### Directions for this task
The output should match, line for line, the records from the line containing "Foreshadowing (technique) �" through the line containing "ดูชัดๆ เอกสารจดทะเบียนตั้ง 88", with every picture left out.

### Source data
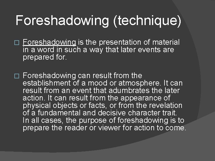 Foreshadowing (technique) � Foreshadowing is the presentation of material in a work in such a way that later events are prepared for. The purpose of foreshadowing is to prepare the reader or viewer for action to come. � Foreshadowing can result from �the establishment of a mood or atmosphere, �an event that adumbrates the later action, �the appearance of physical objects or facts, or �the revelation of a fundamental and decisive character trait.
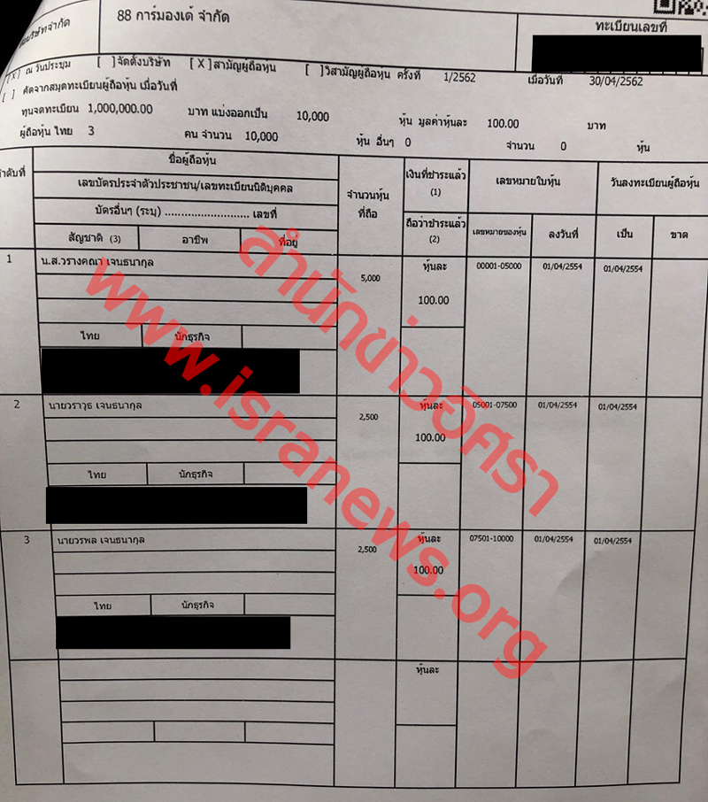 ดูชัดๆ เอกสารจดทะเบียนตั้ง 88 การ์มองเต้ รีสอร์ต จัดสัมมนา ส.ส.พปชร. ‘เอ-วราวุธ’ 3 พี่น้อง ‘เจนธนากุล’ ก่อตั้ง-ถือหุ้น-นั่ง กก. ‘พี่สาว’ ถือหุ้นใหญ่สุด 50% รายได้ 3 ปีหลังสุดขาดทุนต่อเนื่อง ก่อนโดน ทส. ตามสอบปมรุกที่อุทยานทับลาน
---
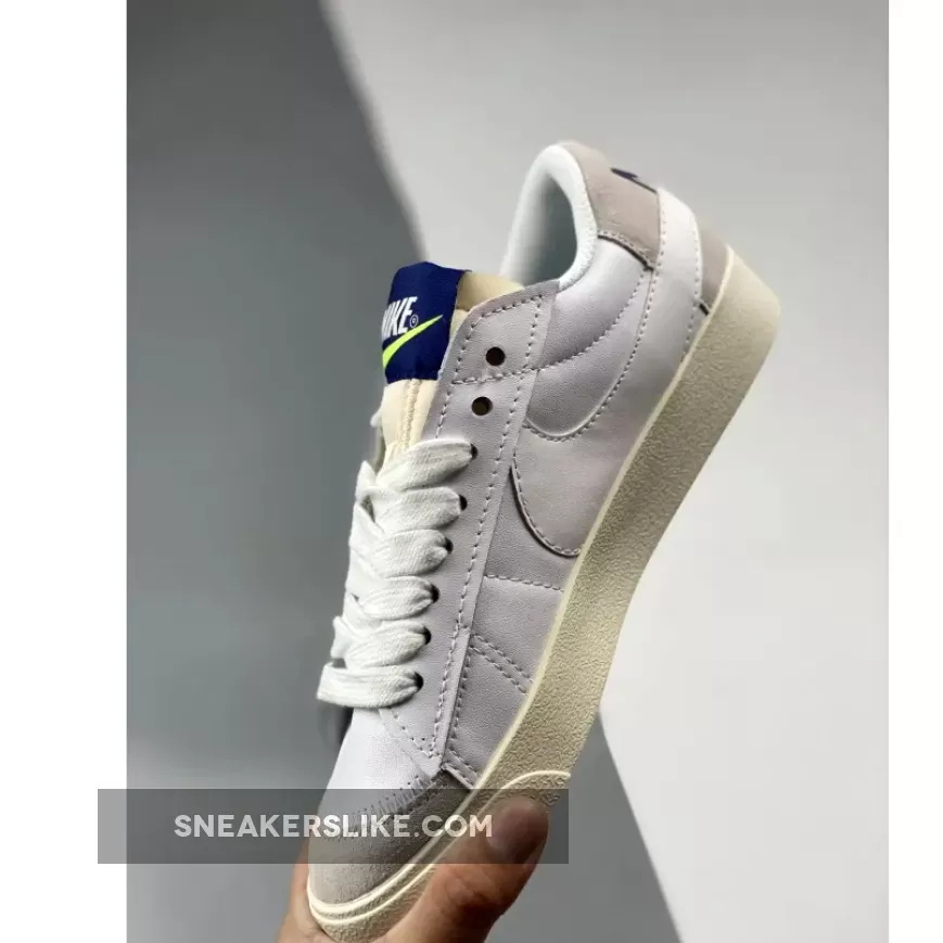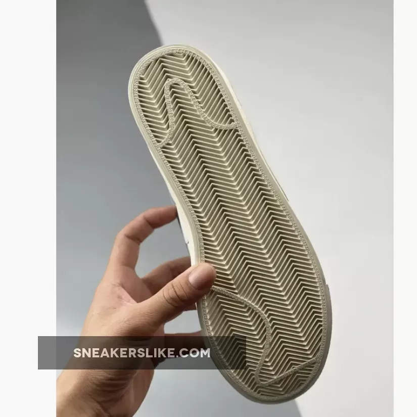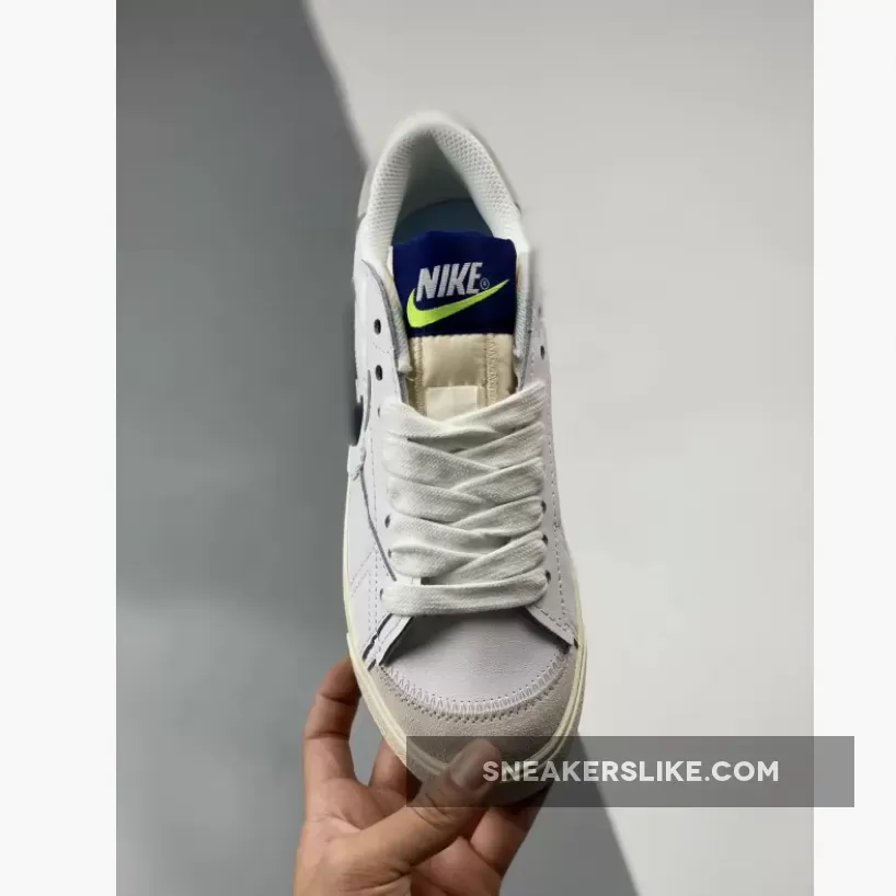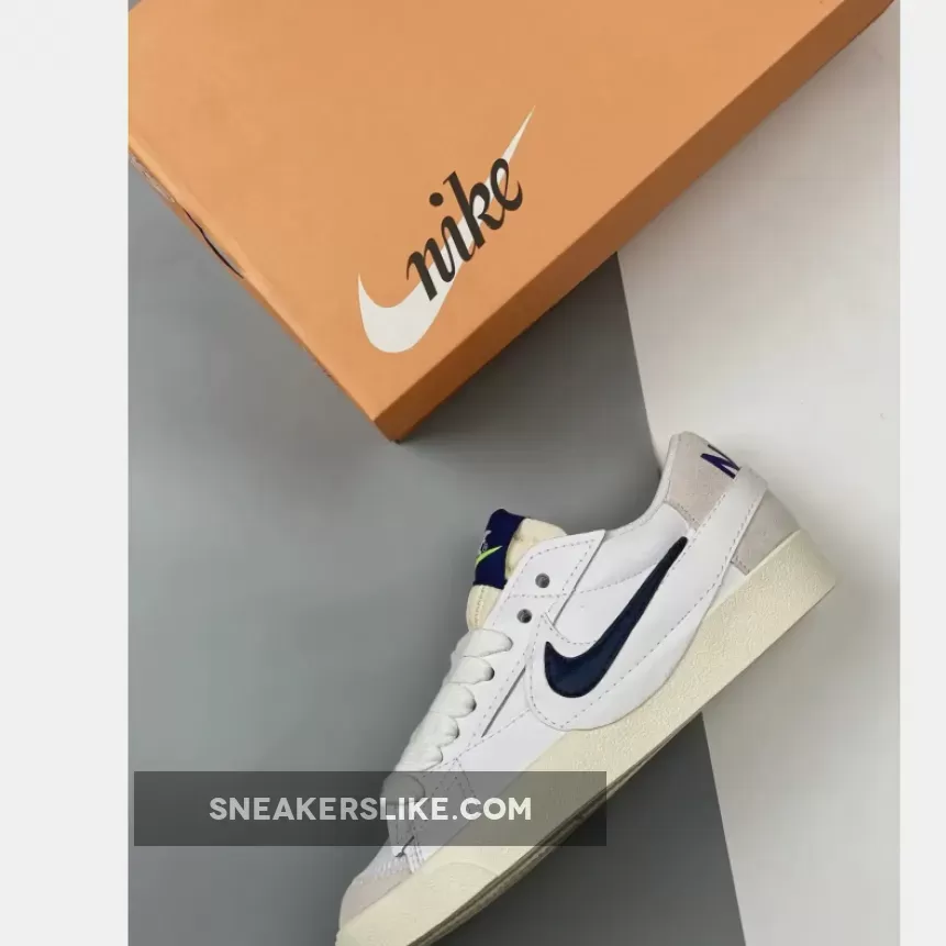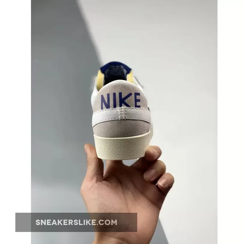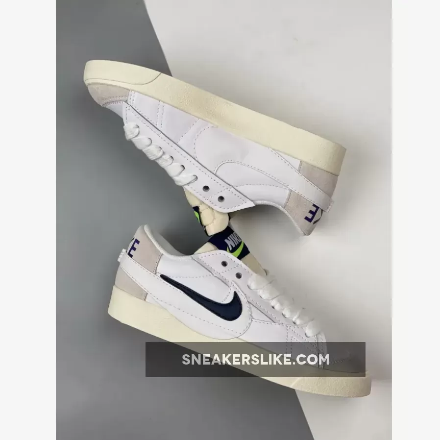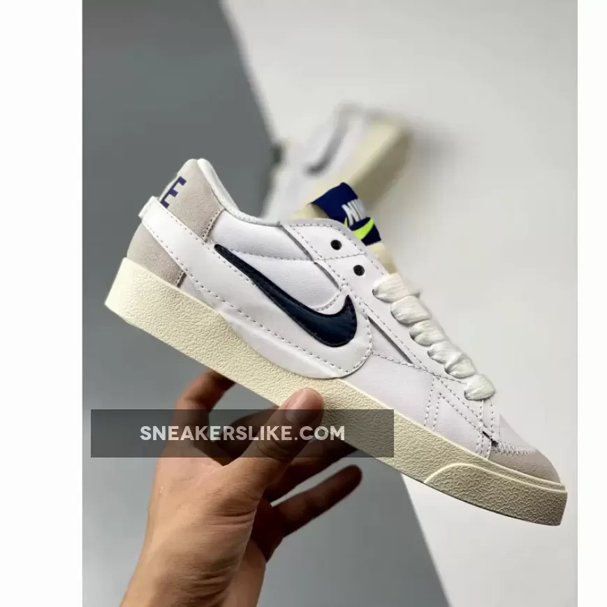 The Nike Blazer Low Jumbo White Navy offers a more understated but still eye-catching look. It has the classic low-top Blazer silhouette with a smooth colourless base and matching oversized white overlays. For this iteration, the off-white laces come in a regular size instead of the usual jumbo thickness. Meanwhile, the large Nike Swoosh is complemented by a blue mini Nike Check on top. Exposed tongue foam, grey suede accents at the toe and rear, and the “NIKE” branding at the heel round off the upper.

### Task result
 Foreshadowing (technique) � Foreshadowing is the presentation of material in a work in such a way that later events are prepared for. The purpose of foreshadowing is to prepare the reader or viewer for action to come. � Foreshadowing can result from �the establishment of a mood or atmosphere, �an event that adumbrates the later action, �the appearance of physical objects or facts, or �the revelation of a fundamental and decisive character trait.
 ดูชัดๆ เอกสารจดทะเบียนตั้ง 88 การ์มองเต้ รีสอร์ต จัดสัมมนา ส.ส.พปชร. ‘เอ-วราวุธ’ 3 พี่น้อง ‘เจนธนากุล’ ก่อตั้ง-ถือหุ้น-นั่ง กก. ‘พี่สาว’ ถือหุ้นใหญ่สุด 50% รายได้ 3 ปีหลังสุดขาดทุนต่อเนื่อง ก่อนโดน ทส. ตามสอบปมรุกที่อุทยานทับลาน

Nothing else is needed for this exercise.